The feeling that my wants introduce an array of needless complications into her existence might explain my current crisis of not getting what I want. I just got back home after a 2 week  trip – my first such extended absence in almost 6 years. (Note: she has had several such trips over the same time period.) I miss my family when we are not together. I am a physical person and was raised in a demonstrative, touchy-feely family with lots of hugging and physical reassurance. Going without that when we are not together is tolerable in part because I can at least have the illusion that we all feel the same way and that we will make up for lost hugs when we are reunited. (Hugs with my kids, and perhaps more than just that with my wife.) When I got back from this most recent trips my daughter was predictably cuddly, and even my teenage son was the source of several unsolicited pats and hugs. Not the case with my wife. No, she’s not mad at me. She just thinks that things were very peaceful without me around, and peace is what she wants most in life.

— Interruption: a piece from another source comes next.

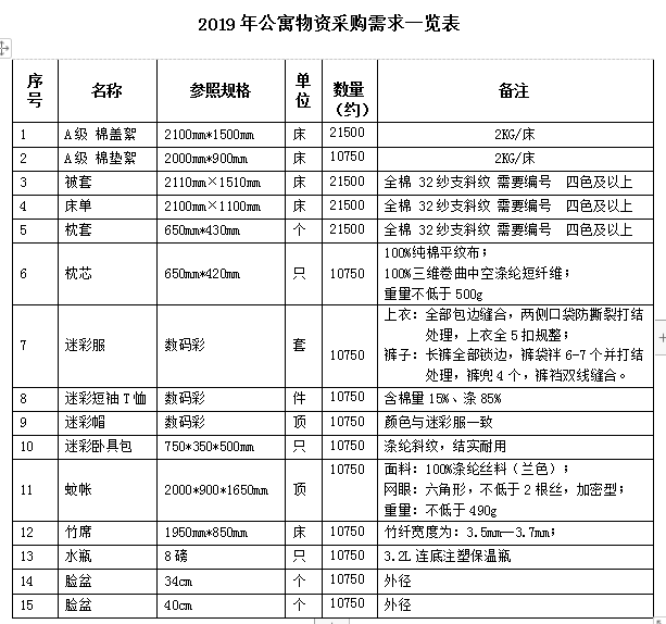 4、报价须知:可分项报价,报价含标的物价、增值税专用发票、包装、运输、自行下货到指定位置,(棉絮、三件套、脸盆、水瓶、竹席除外)
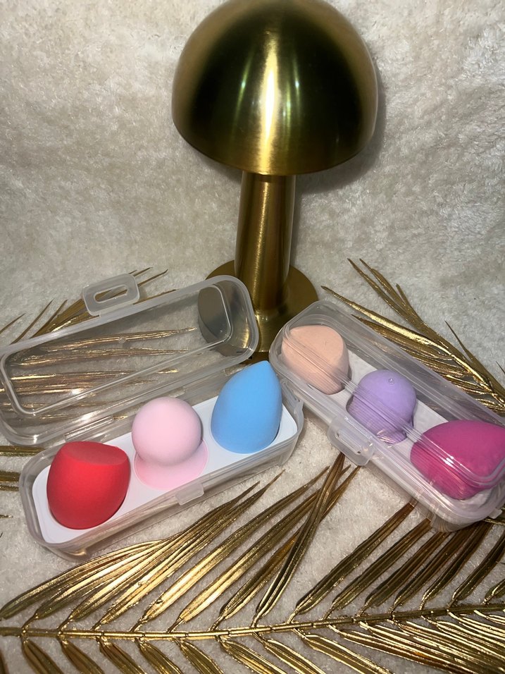 Açık tonlarda 3 renkli makyaj süngerleri seti, pürüzsüz uygulama için. Koruyucu plastik kutu ile birlikte.

Figure out what you want and learn how to ask for it? I want more physical intimacy. I’m not talking about nymphomania, just some sort of indication that I was missed and that it seems good that I am back. How good? Show me. Convince me. As it is, I’m looking at taking more out-of-town jobs because the illusion of maybe being missed while gone is more comforting than the loneliness of returning and sharing a bed with someone who doesn’t hug you back.

Am I asking for something that unreasonable? As a BWG I am used to being considered the bad guy, but am I really asking for too much in this case?